Если уж быть совсем откровенным, то я не знаю до сих пор! Да, не знаю! Хотя закончил службу полковником. Уже потому, казалось, должен понимать куда больше своего бывшего начальника курса, который тогда был всего-то капитаном, потом, правда, уже при нас стал майором. Ан, нет! Я и теперь в вопросах взаимодействия с людьми преклоняюсь именно перед ним, перед нашим немногословным Пётром Пантелеевичем, и мысленно всегда свои решения примеряю на него. Говорят, он воспитывался в детском доме.

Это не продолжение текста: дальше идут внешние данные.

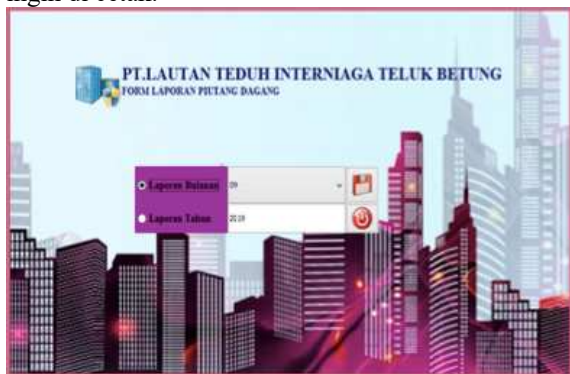
Gambar 8. Form Laporan Per Bulan

Laporan dibuat guna membantu pekerjaan yang lebih efektif dan efisien, Di dalam form laporan terdapat beberapa menu input , Klik bulan yang di inginkan tidak lupa inputkan tahun berapa yang ingin di cetak.

Может, сказалась именно та жизненная школа? Или очень хорошими оказались его учителя? Всё это возможно, но мало кому поможет извлечь хоть какие-то уроки для себя.

Мне это вспомнилось к тому, что в последнее время я наблюдал, как вдавливают в людей мнение, будто из советских детских домов дорога вела только в воры или бандиты. Кто этому поверил, пусть обернётся на нашего Пётра Пантелеевича. Он собой олицетворял самый правильный ответ на этот вопрос. Он был идеальным советским командиром, правда, всего на уровне роты, чем по своей численности и являлся наш курс.

А секретов у Титова, может быть, и не существовало. Просто умный порядочный человек, честно делавший своё дело и, главное, сумевший относиться к нам, мальчишкам требовательно, умно и справедливо. Относиться по-отцовски! Он понимал, что мы пока лишь дети. Физиологически взрослые, но ещё дети умом и душой, потому не всё понимаем, много мним о себе, самоутверждаемся, обижаемся ни на что…

Когда думаю об этом, всегда вспоминается Александр Бек с его «Волоколамским шоссе». Отличная книга. В ней прекрасно показано, как именно умный командир формировал свою дивизию, как воспитывал вверенных ему случайных и очень разных людей, настраивал их на выполнение своего воинского долга, а, в общем-то, на подвиг.

Вполне сознаю, что только благодаря Пётру Пантелеевичу на нашем курсе не привилась и так называемая солдафонщина. То есть, все требования службы в нас никогда не вдавливали, ломая нашу волю, как обычно это делается через глупые и всё-таки обязательные для армии приемы – строевую подготовку, уставы, запугивания и наказания.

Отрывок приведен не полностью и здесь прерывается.